Voici comment empêcher votre gendre ou votre bru de “partir avec votre don” si vous aidez votre enfant à acheter une maison.

02-04-19 - Immovlan.be

Un de vos enfants veut construire ou acheter une maison. Vous envisagez de faire don d’une somme d’argent ou d’un terrain à bâtir à l’enfant en question. Cependant, vous ne voulez pas que le partenaire de votre enfant emporte le don si jamais ils venaient à se séparer. Comment pouvez-vous procéder ?

Donner sous conditions

Tout d’abord, il est bien sûr important de faire le don à votre seul enfant. Vous pouvez également y joindre une condition. Par exemple, vous pouvez inclure dans l’acte de donation, une clause interdisant à votre enfant de faire un don à une communauté matrimoniale de biens ou à un bien commun supplémentaire. Une telle clause est appelée ” clause d’exclusion “.  Une telle disposition est valable. Si vous faites appel à un notaire lors d’un don, il ou elle peut vous aider à mettre cette clause correctement sur papier.
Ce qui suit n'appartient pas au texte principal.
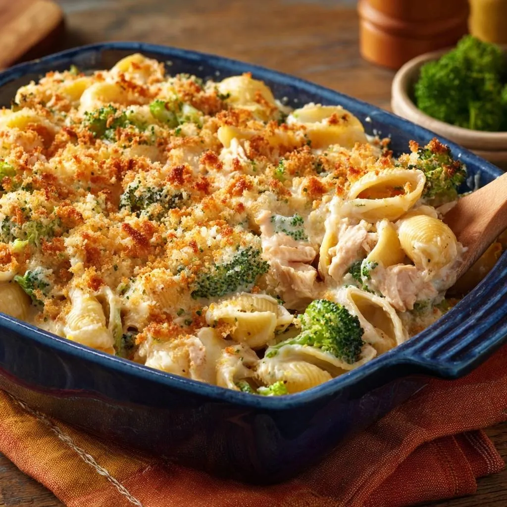 Creamy pasta bake with chicken, broccoli, and cheddar cheese topped with a shatteringly crisp panko breadcrumb crust. No soggy toppings here!

Si vous donnez une somme d’argent, veillez à ce qu’elle soit versée sur le compte de votre enfant et non sur le compte commun de votre enfant et de son partenaire. De cette façon, vous évitez que votre beau-fils ou belle-fille ne dise qu’il ou elle et votre enfant, ont tous deux bénéficié du don.  Assurez-vous également qu’il y a des preuves correctes du don. Sachez qu’un don doit être fait par l’entremise d’un notaire. Ceci n’est pas nécessaire pour un cadeau, bien entendu… Votre banquier peut vous aider à rédiger les bons documents lorsque vous faites un don bancaire.
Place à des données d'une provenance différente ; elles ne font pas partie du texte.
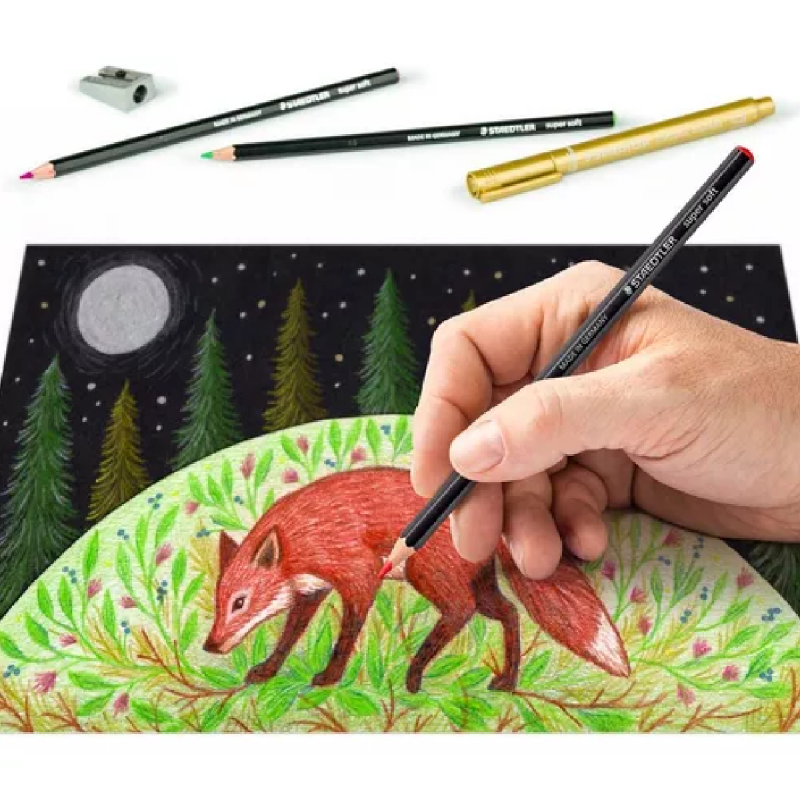 - Contiene: 12 lápices de colores súper suaves en colores surtidos, 4 rotuladores metálicos (azul, verde, dorado, plateado), 1 sacapuntas de plástico

Laissez votre enfant prendre rendez-vous

Si votre enfant est marié dans le cadre d’un régime de séparation de biens ou s’ils vivent ensemble sans être mariés, il se peut qu’il achète une propriété avec son conjoint. Il peut arriver que votre enfant, en utilisant l’argent donné, investisse plus que son partenaire dans la propriété. Dans ce cas, il est important que de bons accords soient conclus sur ce qu’il faut faire de la contribution supplémentaire en cas de séparation.

Par exemple, il peut être convenu que votre gendre ou votre bru doive payer la moitié de la cotisation supplémentaire (éventuellement majorée des intérêts) en cas de séparation. Veillez à ce que ces accords soient mis sur papier de manière correcte. Dans le cas contraire, l’existence d’un tel accord ne sera pas prouvée. Pour rédiger une telle convention, il est préférable de faire appel aux services d’un avocat ou d’un notaire.

Une alternative est que votre enfant et votre genre ou votre bru n’achètent pas la propriété dans un rapport 50-50 mais selon une fraction différente (par exemple 1/3 et 2/3) et ceci en fonction de l’apport personnel.

Et si votre enfant est marié sans contrat de mariage ?

Si votre enfant est marié dans le cadre du système juridique (séparation de biens et communauté d’acquisitions), la donation sera en principe incluse dans le patrimoine de votre enfant. Si l’argent est ensuite investi dans un bien commun, votre enfant peut, en cas de divorce, exiger une compensation du capital commun. La loi fournit une base à cet effet, même si aucun contrat spécifique n’est établi. Le système juridique est donc plus favorable à votre enfant à cet égard qu’un système de séparation des biens où un contrat écrit doit être établi.

L’indemnité que votre enfant peut alors réclamer ne peut être inférieure au montant qu’il a lui-même investi dans la convention matrimoniale. Si les fonds ont servi à obtenir, maintenir ou améliorer un bien, votre enfant peut même recevoir plus, selon le texte légal. En effet, l’investissement a participé à l’augmentation de valeur de l’immeuble.